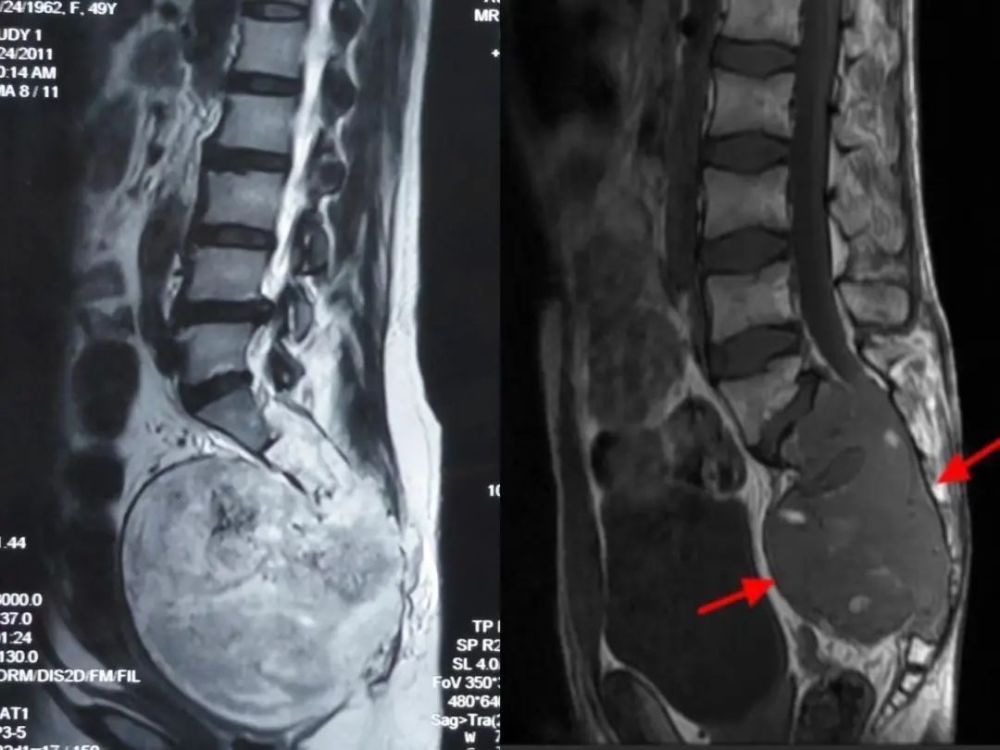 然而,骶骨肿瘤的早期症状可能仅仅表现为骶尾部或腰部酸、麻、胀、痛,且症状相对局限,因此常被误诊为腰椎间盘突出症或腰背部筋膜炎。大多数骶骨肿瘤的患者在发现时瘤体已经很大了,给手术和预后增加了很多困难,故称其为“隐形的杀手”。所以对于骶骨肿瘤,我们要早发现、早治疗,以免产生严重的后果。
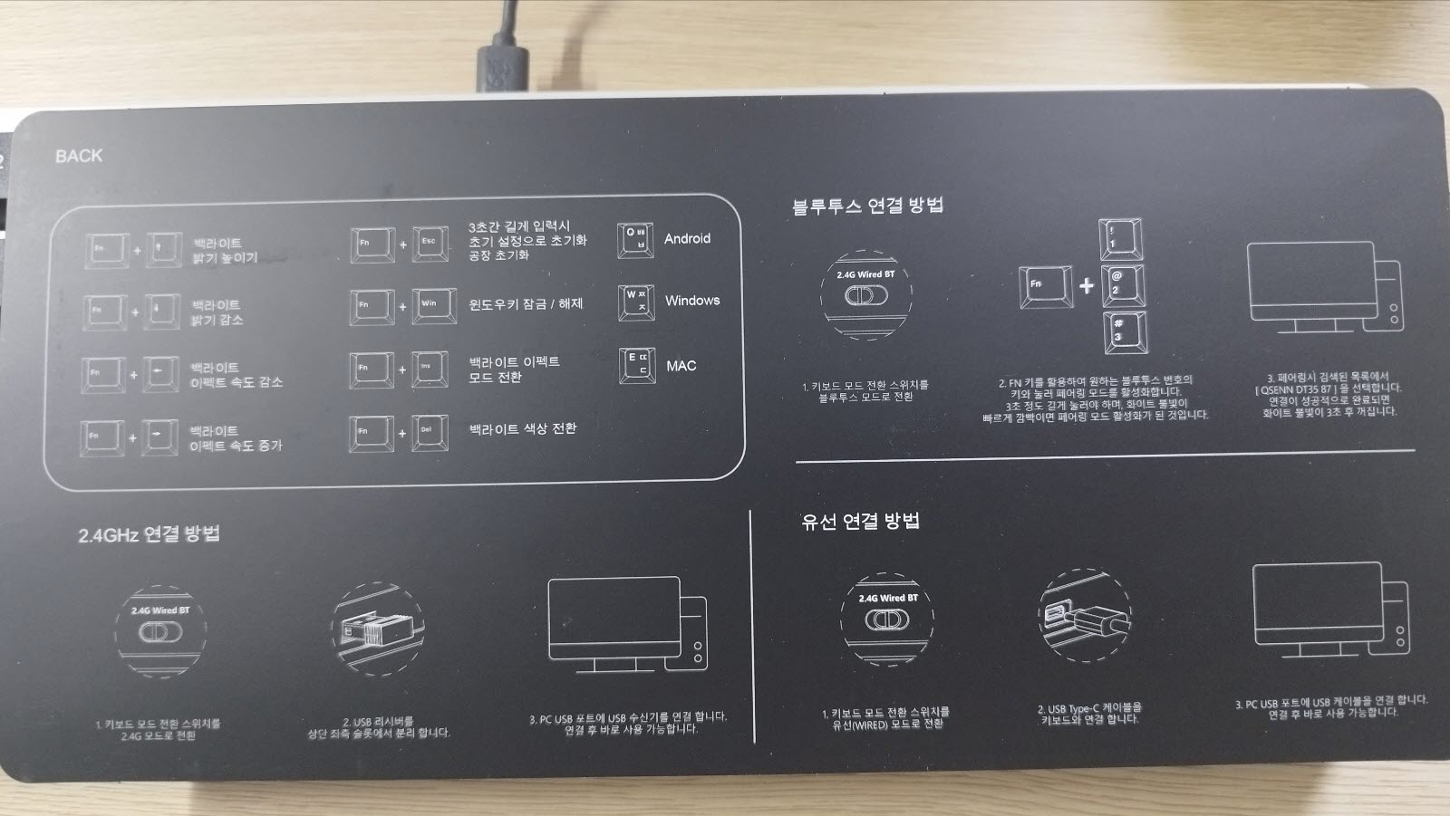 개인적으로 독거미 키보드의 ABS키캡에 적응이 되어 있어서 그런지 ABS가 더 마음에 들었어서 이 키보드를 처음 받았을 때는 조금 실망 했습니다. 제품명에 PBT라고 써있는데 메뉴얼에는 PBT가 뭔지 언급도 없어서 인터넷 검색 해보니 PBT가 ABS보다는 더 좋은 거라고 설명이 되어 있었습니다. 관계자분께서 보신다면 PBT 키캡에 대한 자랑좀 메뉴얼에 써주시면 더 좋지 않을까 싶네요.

= = =

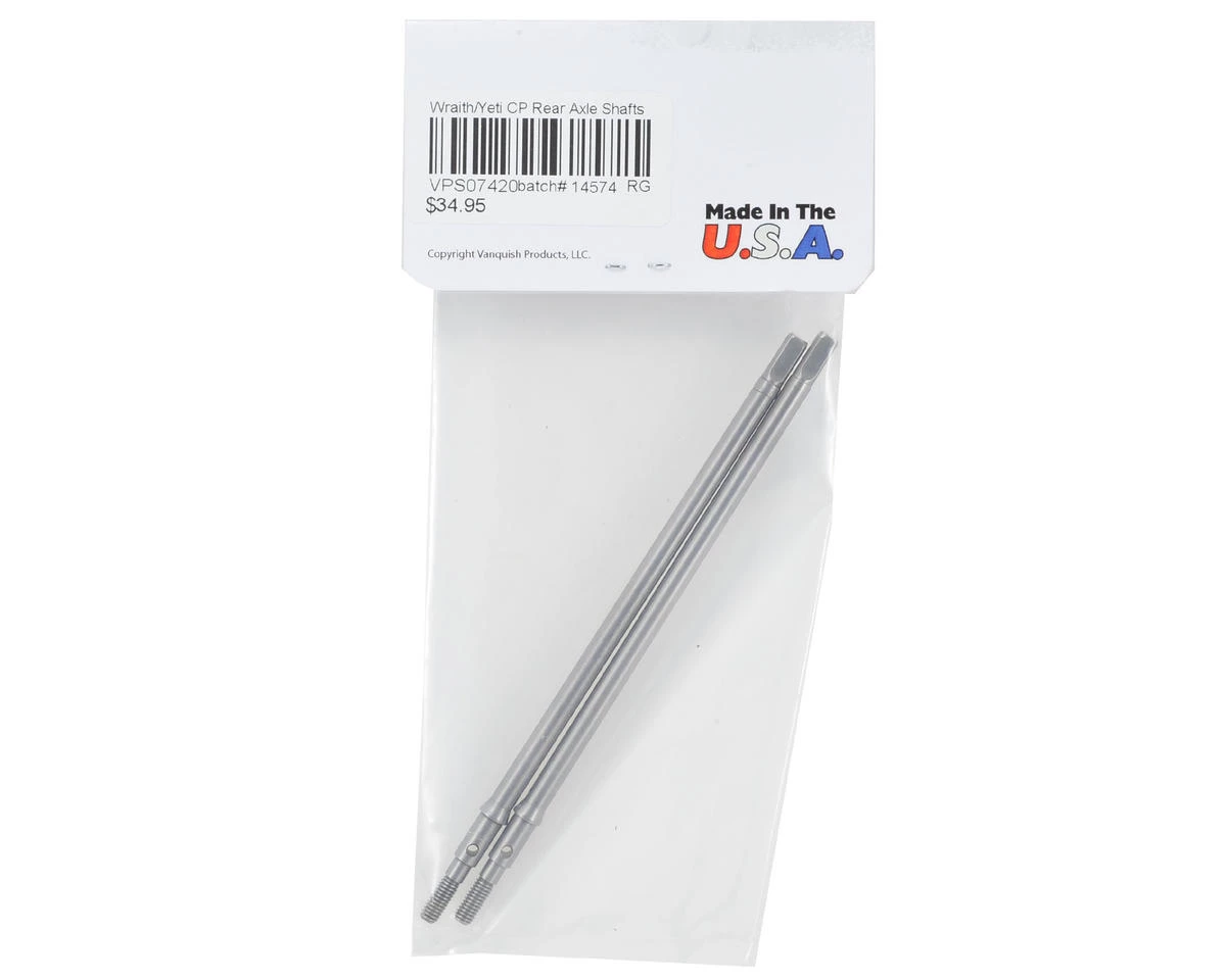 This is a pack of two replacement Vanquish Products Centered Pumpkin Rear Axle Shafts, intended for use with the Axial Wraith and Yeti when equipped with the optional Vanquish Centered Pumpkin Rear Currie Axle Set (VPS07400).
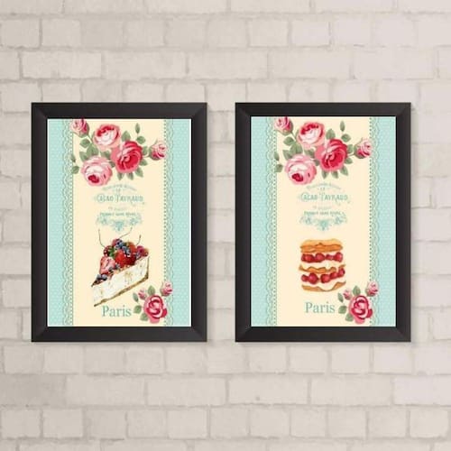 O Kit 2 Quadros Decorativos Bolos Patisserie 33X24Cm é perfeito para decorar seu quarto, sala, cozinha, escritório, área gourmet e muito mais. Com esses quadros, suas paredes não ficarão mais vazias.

= = =

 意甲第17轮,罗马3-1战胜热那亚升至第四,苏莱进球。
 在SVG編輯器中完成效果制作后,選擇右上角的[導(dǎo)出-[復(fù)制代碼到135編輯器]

= = =

Problem: Although pictures appear among the entries, please set down only the lines from the one with "然而,骶骨肿瘤的早期症状可能" up to and including the one with "개인적으로 독거미 키보드의", word for word.

Response:
 然而,骶骨肿瘤的早期症状可能仅仅表现为骶尾部或腰部酸、麻、胀、痛,且症状相对局限,因此常被误诊为腰椎间盘突出症或腰背部筋膜炎。大多数骶骨肿瘤的患者在发现时瘤体已经很大了,给手术和预后增加了很多困难,故称其为“隐形的杀手”。所以对于骶骨肿瘤,我们要早发现、早治疗,以免产生严重的后果。
 개인적으로 독거미 키보드의 ABS키캡에 적응이 되어 있어서 그런지 ABS가 더 마음에 들었어서 이 키보드를 처음 받았을 때는 조금 실망 했습니다. 제품명에 PBT라고 써있는데 메뉴얼에는 PBT가 뭔지 언급도 없어서 인터넷 검색 해보니 PBT가 ABS보다는 더 좋은 거라고 설명이 되어 있었습니다. 관계자분께서 보신다면 PBT 키캡에 대한 자랑좀 메뉴얼에 써주시면 더 좋지 않을까 싶네요.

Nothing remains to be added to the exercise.